In the ongoing deadlock over the prospect of raising the federal debt limit, a sticking point has been whether or not any deal would include tax increases. These have euphemistically been referred to by Democrats, and chiefly by President Obama, as efforts to “raise revenue.”
On July 16, for instance, Bloomberg News reported that “President Barack Obama said Republican lawmakers should agree to raising revenue in any deficit-cutting deal, noting he has agreed to consider cuts to entitlement programs such as Medicare.”

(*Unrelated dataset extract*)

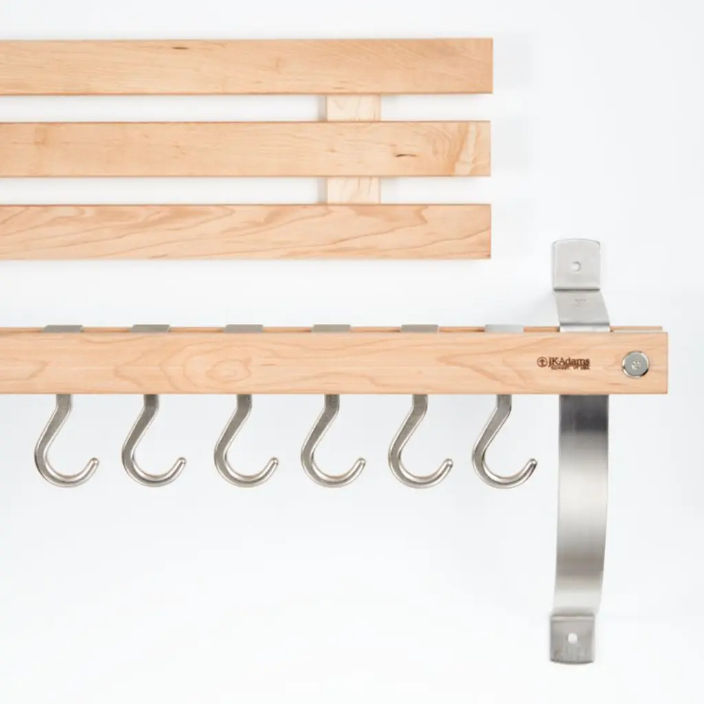 An attractive solution to cookware storage. Hang your pots and pans on the wall for easy, space-saving access on this clever rack worthy of your finest cookware. Six metal hooks make the most of small spaces by holding oft-used cookware where it can be accessed and admired, while the maple slatted shelf offers display space and warm, organic beauty. This wall-mounted maple pot rack supports up to 75 pounds, and hanging hardware is included.Offering fine craftsmanship, J.K. Adams has been creating housewares since 1945.

Said the President: “I’m willing to do what it takes to solve this problem, even it it’s not politically popular.... I expect leaders in Congress to show that same willingness to compromise.”
The White House has continued to push for increased revenue through tax increases, mainly on “the rich” and on corporations. At a July 22 “town hall” meeting at the University of Maryland, President Obama insisted that increasing revenue through taxes on high earners and corporations was necessary.
“[W]e can’t just close our deficit with spending cuts alone,” the President said. He went on to warn that spending cuts alone would result in seniors, students, and the unemployed facing higher costs.
Relying on spending cuts alone, he said, “means that seniors would have to pay a lot more for Medicare, or students would have to pay a lot more for student loans. It means that laid-off workers might not be able to count on temporary assistance or training to help them get a new job. It means that we’d have to make devastating cuts in education and medical research and clean energy research — just at a time when gas prices are killing people at the pump.”